While doing online research the other day for a project I’m currently working, I came across a 1972 topographical map of Tarrant County. As I zoomed into the area of our Tejas Trail neighborhood, the map shows our northern section (Verna Trail, Little Horse Trail, and Paint Pony Trail) and even shows where some houses are located.

Perhaps some of you reading this live in one of these original Tejas Trail houses! It also shows White Settlement Road to the south (with very little development in that area). The one thing that was clearly missing was I-820. I then started to look at the topo lines that clearly depicts the hills of our neighborhood and the layering of the ancient reefs that developed millions of years ago when this area was under a shallow sea. But, more on this in a later blog.

As I kept scanning this map and pondering our past, my eyes noticed an apparent airplane landing strip near the intersection of Silver Creek Road and Verna Trail! History had once again baiting the hook, I took a bite and it was drawing me in. A landing strip just down the hill from where I live? Who built it? Who used it? Was it still in use? Another treasure hunt had started!
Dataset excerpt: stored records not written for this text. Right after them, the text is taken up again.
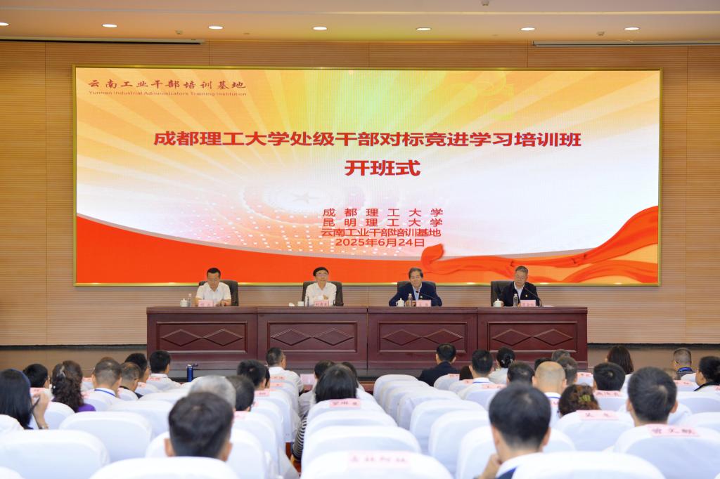 6月24日上午,成都理工大学处级干部对标竞进学习培训班在三亿体育_三亿(中国)一站式服务官方网站图书馆101蓝色报告厅顺利开班。三亿体育_三亿(中国)一站式服务官方网站党委副书记、校长王华致辞,成都理工大学党委书记刘清友作开班动员讲话。成都理工大学党委副书记胡兵宣读班委名单,三亿体育_三亿(中国)一站式服务官方网站党委副书记、云南工业干部培训基地常务副主任蔡金红主持开班式。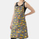 Under construction road work transportation work vehicles all over print apron. Fun yellow and orange dump trucks, excavators, road signs pattern.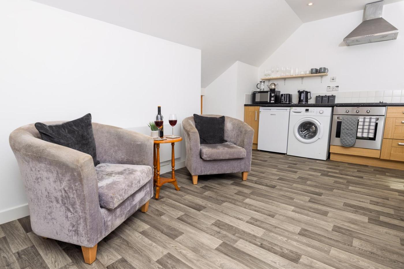 One-Bedroom Apartment. Featuring a private entrance, this apartment comprises 1 living room, 1 separate bedroom and 1 bathroom with a shower. Guests can make meals in the kitchen that comes with a stovetop, a refrigerator, an oven and a microwave. The apartment has a washing machine, a seating area, a dining area as well as an electric kettle. The unit offers 1 bed.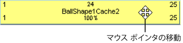 選択されているジオメトリ キャッシュ クリップが、時間上前または後ろに移動し、開始フレーム(Start Frame)の値が変更されます。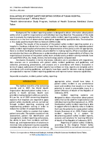 Muhammad, Susrajat and Miftahul, Munir (2022) Evaluation of patient safety reporting system at Tuban hospital. International Nutrition and Health Administrations Journal, 1 (1): 5. pp. 35-40. ISSN 2963-8453
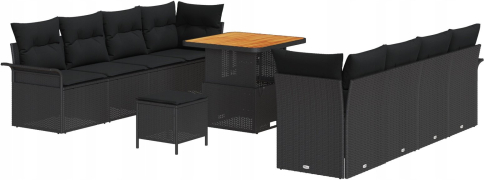 vidaXL 11-częściowy zestaw sof ogrodowych z poduszkami czarny polirattan akacja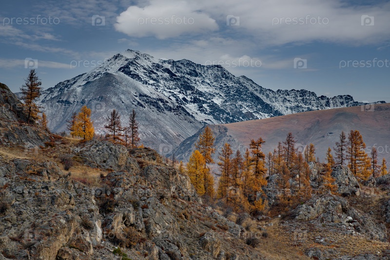Россия. Юг Западной Сибири, Горный Алтай. Лиственницы в осеннем золоте на вершинах горных хребтов, освещенных вечерними лучами солнца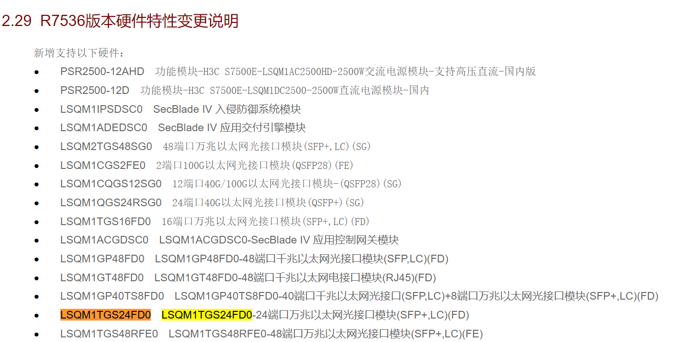 H3C S7503E设备上使用LSQM1TGS24FD0这个型号板卡的最低支持的软件版本是Comware V7 R7501P01或者R7501P021。您可以参考H3C的官方文档2了解更多细节。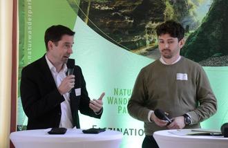 Moritz Petry, Bürgermeister VG Südeifel und Tim Schnelke, Coordinator Qualitéitswanderregioun Éislek während der Podiumsdiskussion.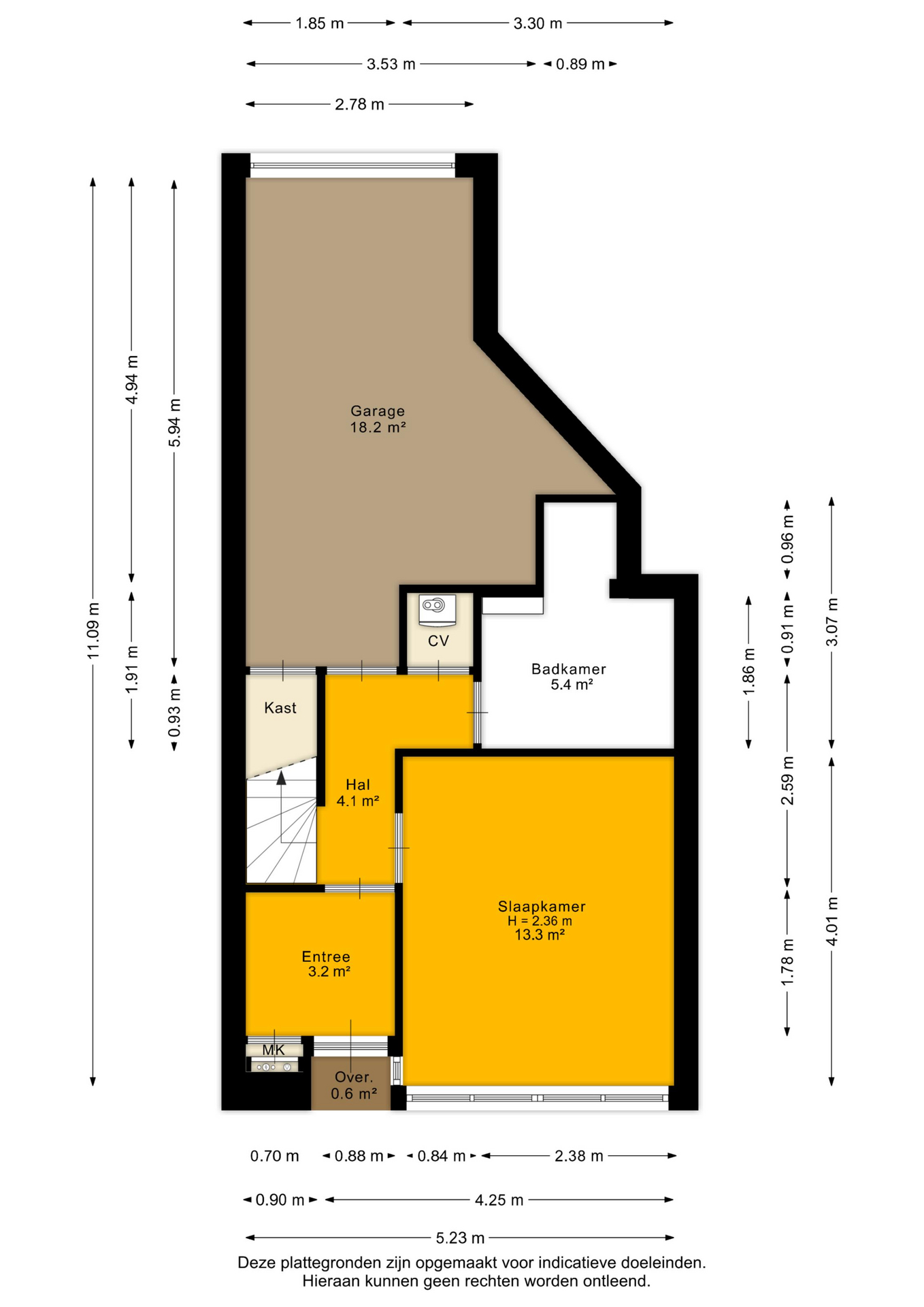 Via de hal en trapopgang bereik je direct alle functionele ruimtes. Aan de voorzijde bevindt zich slaapkamer 1, waardoor slapen op de begane grond moeiteloos mogelijk is. In de vaste kast naast de trap bevindt zich de stookruimte met Cv-installatie. Aan de achterzijde vind je de interne doorgang naar de ruime inpandige garage, voorzien van elektra, verwarming en water – een uitzonderlijke plus voor wie extra werkruimte zoekt.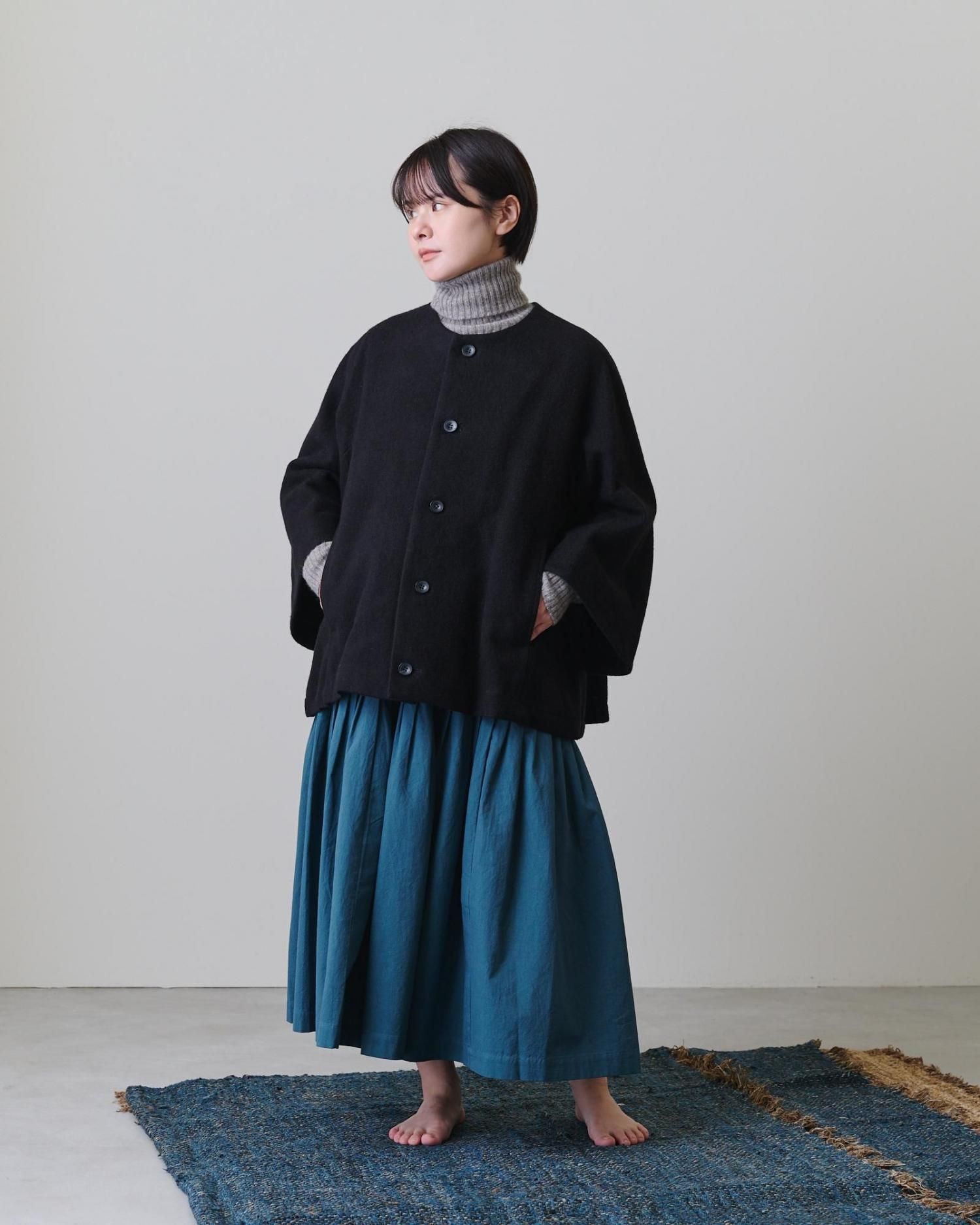 たっぷりと空気を含んだウールの生地は、しっかりとした厚みがありながらも驚くほどに軽く柔らか。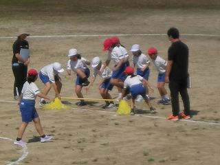 チームの仲間と協力して走り、跳べるためのコツをつかむために練習しました。

Having driven through this intersection numerous times since moving here in 2017, I had never noticed anything in that field that resembled a landing strip. Of course, it’s a little hard to do as one navigates and avoids the numerous pot holes and semi trucks on Silver Creek Road. I needed to know more. This led me to pull up a satellite image of the same area on Google Maps to see if it showed anything to suggest that a runway was there. Sure enough, you can clearly see where the landing strip once existed.

After a few more online searches, I found out that the runway was called Stubbs Strip and is still listed as a private landing strip. Years ago, this grass landing strip stretched across the ranch field for 2,280ft. from north to south and was 60 ft. wide. The owner, builder, and operator of the landing strip was Verna Stubbs who also owned the ranch at that intersection and, from where two of our neighborhood streets are named after! Verna was a pilot owning four airplanes over time including her Piper Tripacer. A future blog will be devoted to Verna as she was quite an active and prominent woman of our area.

The first bit of local history treasure had been uncovered and it had only gotten me more excited about digging into our past. There are many more stores to tell about the history of our area from fossils of ancient animals to Native Americans to early settlers to stagecoaches and on and of which I’ll hope to paint in future blogs.

For now, even though Stubbs Strip is no longer in use, I can still daydream seeing Verna’s Tripacer coming in for a landing from the north as I make the sharp right on Silver Creek Road, while at the same time avoiding the potholes, semi trucks and of course now, the road construction.